As particularidades da NLLC e seus regulamentos acabam, na maioria das vezes, com todo e qualquer juízo, inteligência ou hermenêutica dos agentes públicos, transformando-os em meros operadores materiais de atos administrativos. A burocracia tecnocrata aplaude a ousadia extensiva burramente dimensionada pelo legislador.
A crise do ato administrativo vinculado não nasceu com a NLLC, mas tem nela seu mais nítido reflexo.
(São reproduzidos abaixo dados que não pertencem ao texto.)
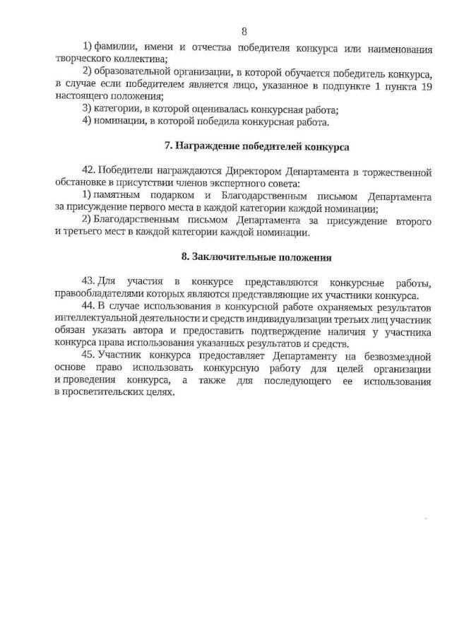 Для оценки выработаны схожие критерии. В первую очередь, новизна идеи, глубина интерпретации темы, целостность композиции, образность мышления. Победителей конкурса будут определять путем опроса на сайте департамента. По его итогам участникам за первое место обещают памятные подарки и благодарственные письма департамента. А тем, кто займет вторые и третьи места, выдадут благодарственные письма.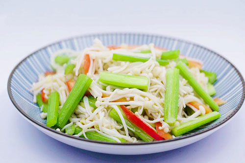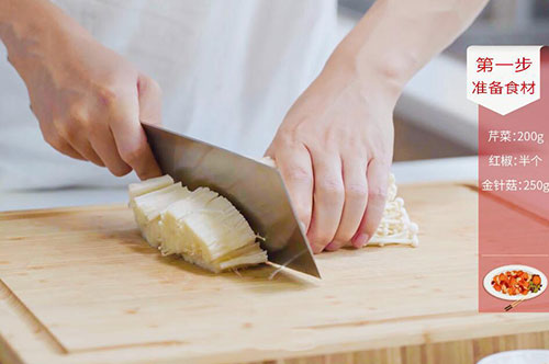 芹菜金针菇是一道非常具有特色的家常菜,首先金针菇是很好的菌菇类食品,芹菜也有降压的效果,芹菜金针菇味道好,而且口感也比较清爽,芹菜金针菇的做法大家都学会了吗?步骤简单,你也可以在家里做。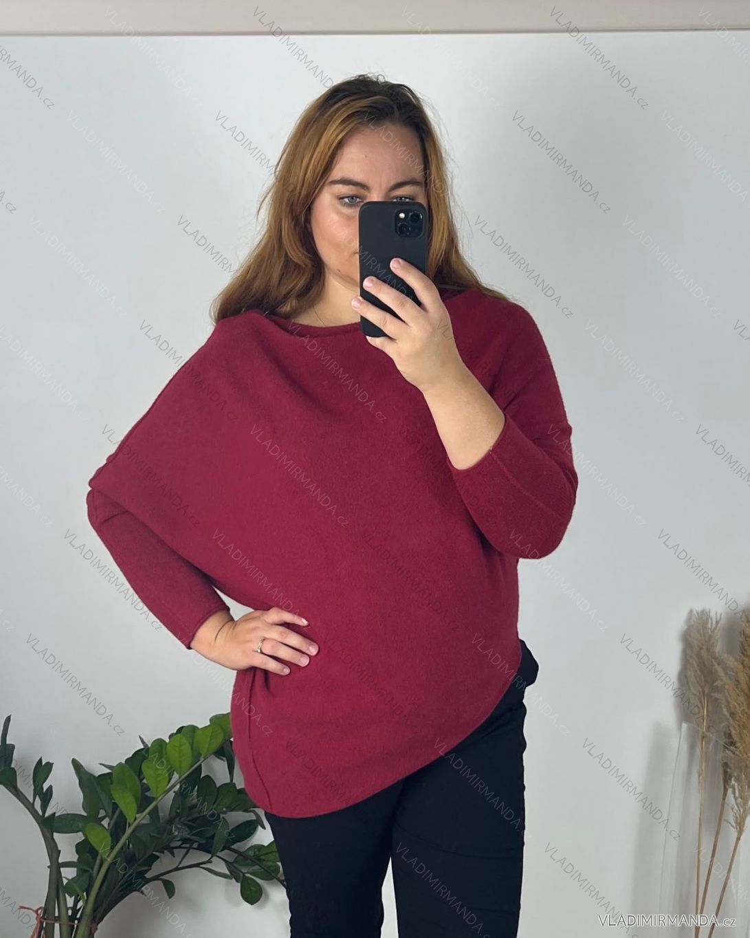 TOVAR (120629) > oblečenie dámske (81751) > Topy, tričká, tuniky a tielka (12968) > tuniky (5158) > Tuniky teplé dl. ruk. (105) > Sveter šikmý dlhý rukáv dámske nadrozměr (48/50/52 ONE SIZE) TALIANSKA MóDA IM424509XL/DU 50/52 vínová

Insegurança jurídica gera o apego ao excesso de normas, cria a necessidade de um batalhão de agentes públicos para a prática de atos singelos, demanda justificativas desnecessárias, desembocando no “desvio de poder por excesso de motivação”. De tal modo, transforma o certame licitatório num fim em si mesmo.
É intolerável que o exercício de competência vinculada seja tão extremo a ponto de aniquilar a capacidade de avaliação dos exercentes da função administrativa. A formalidade normativa vinculante não é o antídoto para a mais desejada eficiência administrativa, cuja cura está na criação, nem sempre comprada em pacotes de textos normativos.
[1] Curso de Direito Administrativo, 9ª ed., Malheiros, São Paulo, 2008, p. 220.